The Calisher and Terry Carbine was an early bolt-action breech-loading carbine. It used a waterproof paper cartridge ignited with a percussion cap.

Approved by the British War Office for use by cavalry, it was first issued to the 18th Hussars, but is best known for its use by the Colonial governments in Australia and New Zealand - particularly by the NZ Colonial Defence Force (NZ Forest Rangers) from July 1863 - and its occasional use in the American Civil War.

==Design and History==
William Terry patented the design on April 7, 1856 (after patenting a different design a year earlier). The design used a bolt and a unique cartridge which held the bullet encapsulated within a nitrated paper wrapper holding the appropriate powder charge, with a greased felt wad at the base to help seal the breech. The cartridges were chambered in .54-calibre (13-mm) Minie.

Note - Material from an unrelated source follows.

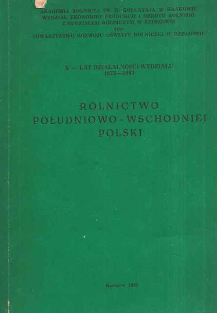Fizjograficzne aspekty produkcji roślinnej w południowo-wschodniej Polsce ; Opady atmosferyczne i pokrywa śnieżna w świetle potrzeb rolnictwa na obszarze południowo-wschodniej Polski ; Ranunculus z grupy Nemorosus z Bieszczadów ; Efektywność produkcyjna i ekonomiczna udoskonalonych technologii uprawy pszenicy ozimej w rejonie południowo-wschodnim (streszczenie) ; Uprawa zbóż pastewnych w rejonach górskich i podgórskich Beskidu Wschodniego i Niskiego ; Zależność między wybranymi cechami siewek a wysokością i plennością odmian jęczmienia jarego (streszczenie) ; Znaczenie ochrony roślin w podnoszeniu plonów południowo-wschodniej Polski ; Rozszerzenie uprawy kukurydzy w rejonie południowej Polski - badania dotychczasowe i ich dalszy rozwój ; Wpływ nawożenia azotowego na przebieg wegetacji, plon ziarna i niektóre cechy morfologiczne kukurydzy uprawianej na dwóch kompleksach glebowych ; Zawartość cukrów w okresie zimy w siewkach form Triticale o różnej mrozoodporności (doniesienie naukowe) ; Wpływ nawożenia azotowego na plon suchej masy kukurydzy i zawartość składników pokarmowych w suchej masie kolb przy uprawie na dwóch kompleksach glebowych ; Dobór odmian i produkcja sadzeniaków ziemniaka dla południowo-wschodniej Polski ; Badanie wpływu nawożenia azotowego na przebieg wegetacji i występowanie objawów chorobowych na ziemniakach (doniesienie naukowe) ; Wpływ nawożenia azotowego, podkiełkowywania i defoliacji na udział sadzeniaków w plonie ogólnym ziemniaków (doniesienie naukowe) ; Uprawa roślin strączkowych na nasiona i zieloną masę w Makroregionie Południowo-Wschodnim ; Wpływ nawożenia azotowego na plonowanie oraz zawartość białka ogólnego i tłuszczu w nasionach soi ; Wpływ gęstości siewu na cechy morfologiczne nowych rodów soi ; Wpływ terminu i gęstości siewu na zawartość białka ogólnego i tłuszczu w nasionach soi uprawianej na różnych glebach ; Wpływ nawożenia azotowego na kształtowanie cech morfologicznych nowych form soi ; Wstępne wyniki badania przebiegu wegetacji i plonowania soi w zależności od ilości wysiewu (doniesienie naukowe) ; Badania wpływu gęstości siewu na zawartość białka i tłuszczu w nasionach soi (doniesienie naukowe) ; Badanie wpływu zróżnicowanego nawożenia NPK na zawartość białka i tłuszczu w nasionach soi (doniesienie naukowe) ; Badanie wpływu herbicydów stosowanych w uprawie na zawartość białka i tłuszczu w nasionach soi (doniesienie naukowe) ; Wstępne wyniki badań reakcji odmiany Progres na zróżnicowane nawożenie NPK (doniesienie naukowe) ; Wpływ omłotu, suszenia i czyszczenia na powstawanie uszkodzeń mechanicznych nasion grochu i soi (doniesienie naukowe) ; Tempo odrastania traw i roślin motylkowatych po skoszeniu oraz plonowanie mieszanek wieloletnich użytkowanych kośnie w rejonie Bieszczadów Zachodnich ; Badanie zawartości olejków eterycznych w koprze ogrodowym dla wykorzystania w przemyśle spirytusowym (streszczenie) ; Wstępne wyniki badań nad wpływem nawożenia na plonowanie i cechy jakościowe runi łąkowej. Część I. Wpływ nawożenia mineralnego na plon i skład chemiczny siana łąkowego (doniesienie naukowe) ; Wstępne wyniki badań nad wpływem nawożenia na plonowanie i cechy jakościowe runi łąkowej. Część II. Wpływ nawożenia mineralnego na zawartość cukrów rozpuszczalnych, włókna surowego i popiołu (doniesienie naukowe) ; Zawartość witaminy C w koprze ogrodowym Anethum graveolens L. (doniesienie naukowe) ; Występowanie, biologia, szkodliwość i efektywność zwalczania pędrusia koniczynowca (Apion apricans Herbst) na plantacjach nasiennych koniczyny czerwonej (Trifolium pratense L.) w województwie rzeszowskim ; Wpływ zabiegów chemicznych ochrony roślin na pozostałości dichlofluanidu w uprawach truskawek.

The following year Terry formed a partnership with Bertram Calisher, and they were successful in promoting both private sales and having it adopted by the British War Department. In addition to being issued to the 18th Hussars, the system in rifle and carbine form enjoyed a brisk civilian sale and was popular with colonial military and constabulary units, most notably those of New Zealand.

A number were used during the American Civil War, particularly by the Confederates, but they were never a standard issue for any unit.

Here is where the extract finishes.